PRIMARY OUTCOME MEASURE: 30-DAY ALL-CAUSE MORTALITY

The primary outcome of 30-day all-cause mortality occurred in 43.8% (7/17) of patients randomised to the VA-ECMO group and in 61.1% (11/18) of patients randomised to standard therapy (HR 0.56, 95% CI: 0.21-1.45; p=0.22) (Figure 2).

The primary outcome was also numerically lower in the as-treated analysis (HR 0.40, 95% CI: 0.13-1.26; p=0.105) (Supplementary Figure 2).

Figure 2. Primary endpoint of 30-day all-cause mortality − intention-to-treat analysis. CI: confidence interval; VA-ECMO: venoarterial extracorporeal membrane oxygenation

SECONDARY OUTCOME MEASURES

The secondary in-hospital outcomes are described in Table 2.

There were numerically lower rates of all-cause and cardiovascular death, ischaemic stroke, recurrent MI and acute kidney injury in patients randomised to VA-ECMO. In contrast, and as expected given the additional procedural nature of VA-ECMO, a numerically higher number of vascular complications and major bleeding events were observed in patients randomised to the VA-ECMO group. In terms of non-cardiovascular death, the predominant cause of death in both groups was from hypoxic brain injury (Supplementary Table 4).

There was a noticeably higher rate of failure of discharge from primary admission at 30 days with those patients randomised to standard therapy (83.3% compared with 57.1% in the VA-ECMO group). Left ventricular function assessment at 30 days is summarised in Supplementary Appendix 3.

Table 2. In-hospital outcomes − intention-to-treat analysis.

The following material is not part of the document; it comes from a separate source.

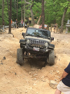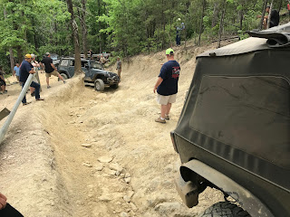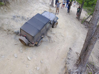 Mitchell, my spotter, was one of the best so I decided to tune out everything except his direction. As I crawled up the ledge, the center, my Jeep shifted to the right and I wasn't able to see his direction. I had to back down for one more try and with the great guiding by Mitchell up I went with a little more skinny pedal than I'm used to.
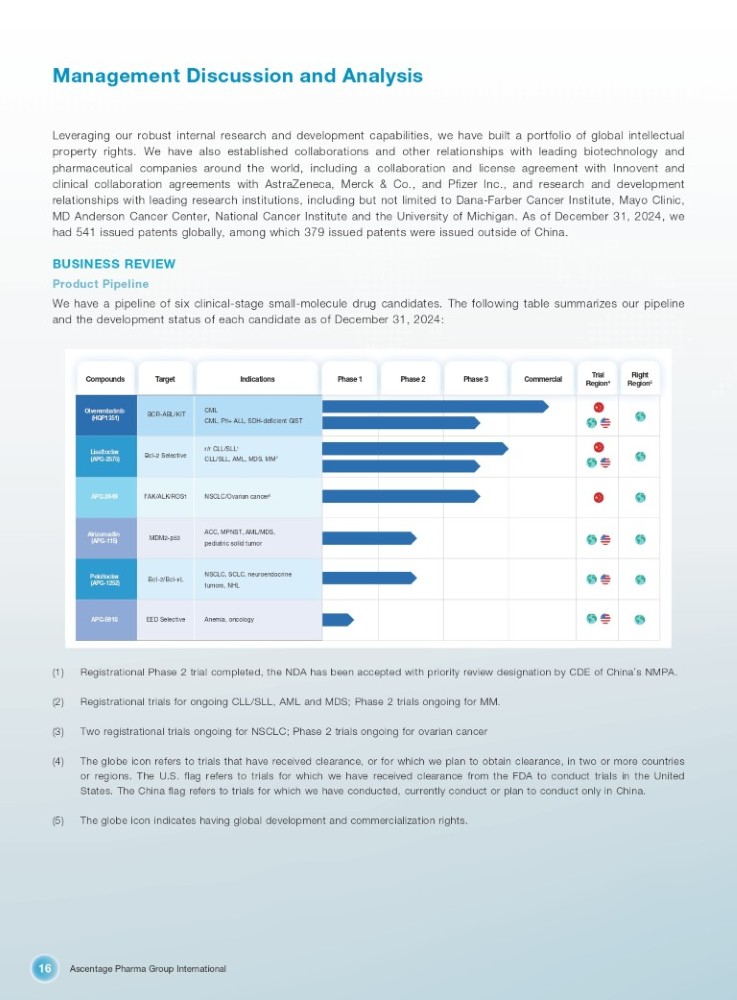 Ascentage Pharma Group International 16 Management Discussion and Analysis Olverembatinib (HQP1351) Lisaftoclax (APG - 2575) APG - 2449 Alrizomadlin (APG - 115) Pelcitoclax (APG - 1252) APG - 5918 BCR - ABL/KIT CML CML, Ph+ ALL, SDH - deficient GIST r/r CLL/SLL 1 Bcl - 2 Selective CLL/SLL, AML, MDS, MM 2 FAK/ALK/ROS1 NSCLC/Ovarian cancer 3 ACC, MPNST, AML/MDS, MDM2 - p53 pediatric solid tumor NSCLC, SCLC, neuroendocrine Bcl - 2/Bcl - xL tumors, NHL EED Selective Anemia, oncology Right Region 5 Compounds Target Indications Phase 1 Phase 2 Phase 3 Commercial Trial Region 4 Leveraging our robust internal research and development capabilities, we have built a portfolio of global intellectual property rights . We have also established collaborations and other relationships with leading biotechnology and pharmaceutical companies around the world, including a collaboration and license agreement with Innovent and clinical collaboration agreements with AstraZeneca, Merck & Co . , and Pfizer Inc . , and research and development relationships with leading research institutions, including but not limited to Dana - Farber Cancer Institute, Mayo Clinic, MD Anderson Cancer Center, National Cancer Institute and the University of Michigan . As of December 31 , 2024 , we had 541 issued patents globally, among which 379 issued patents were issued outside of China . BUSINESS REVIEW Product Pipeline We have a pipeline of six clinical - stage small - molecule drug candidates . The following table summarizes our pipeline and the development status of each candidate as of December 31 , 2024 : (1) Registrational Phase 2 trial completed, the NDA has been accepted with priority review designation by CDE of China ’ s NMPA. (2) Registrational trials for ongoing CLL/SLL, AML and MDS; Phase 2 trials ongoing for MM. (3) Two registrational trials ongoing for NSCLC; Phase 2 trials ongoing for ovarian cancer (4) The globe icon refers to trials that have received clearance, or for which we plan to obtain clearance, in two or more countries or regions . The U . S . flag refers to trials for which we have received clearance from the FDA to conduct trials in the United States . The China flag refers to trials for which we have conducted, currently conduct or plan to conduct only in China . (5) The globe icon indicates having global development and commercialization rights.

	Standard therapy	VA-ECMO + standard therapy
Total number of patients	18	17
All-cause death	13/18 (72)	7/14 (50)
CV death	6/18 (33)	2/14 (14)
Stroke	2/18 (11)	0/14 (0)
Ischaemic stroke	2/18 (11)	0/14 (0)
Recurrent myocardial infarction	2/18 (11)	0/14 (0)
Major bleeding (BARC 3-5)	1/18 (6)	5/14 (36)
Escalation to other (non-VA-ECMO) support device for refractory shock	1/6 (17)	0/5 (0)
Escalation to VA-ECMO (crossover)	1/18 (6)	NA
Any vascular complications	0/18 (0)	3/14 (21)
Acute kidney injury	8/18 (44)	4/14 (29)
Failure of discharge from primary admission	15/18 (83)	8/14 (57)
Data are N or n/N (%). Percentages are Kaplan-Meier or cumulative incidence estimates. BARC: Bleeding Academic Research Consortium; CV: cardiovascular; VA-ECMO: venoarterial extracorporeal membrane oxygenation

Quality-of-life OUTCOMES AT 30 DAYS POST-DISCHARGE

There were a limited number of EQ-5D-3L questionnaires completed at 30 days in both the standard therapy (n=2) and VA-ECMO (n=4) groups. The responses are summarised in Supplementary Table 5. Among the EQ-5D-3L respondents, in the standard therapy group, there were no reported problems with mobility, self-care, or usual activities at 30 days, while half of the respondents from the VA-ECMO group reported some difficulties in these domains at 30 days. Similar responses for anxiety/depression were reported at 30 days in both groups.

Similarly, there were limited responses from the Minnesota Living with Heart failure Questionnaire (2 responses at 30-day clinic in the standard therapy group and 3 responses in the VA-ECMO group). Lower scores were reported for both the physical (standard therapy median: 38 [IQR 28-47]; VA-ECMO median: 13 [IQR 8-34]) and emotional (standard therapy median: 20 [IQR 10-30]; VA-ECMO median: 6 [IQR 5-13]) components of the questionnaire. The total median scores were 86 (IQR 58-114) in the standard therapy group and 33 (IQR 21-73) in the VA-ECMO group.

IN-HOSPITAL SERIOUS ADVERSE EVENTS

There was a total of 11 patients with a serious adverse event (SAE) during admission (31.43%: 5 in the standard therapy group and 6 in the VA-ECMO group). The reported SAEs are summarised in Supplementary Table 6, with similar types and numbers demonstrated between the randomised groups.

ONE-YEAR OUTCOME DATA

All-cause mortality at 12 months was numerically lower in the VA-ECMO group; this occurred in 51.8% (8/17) of patients randomised to the VA-ECMO group and in 81.5% (14/18) patients randomised to standard therapy (HR 0.52, 95% CI: 0.21-1.26; p=0.14) (Figure 3).

Twelve-month all-cause mortality was also numerically lower in the as-treated analysis (Supplementary Figure 3).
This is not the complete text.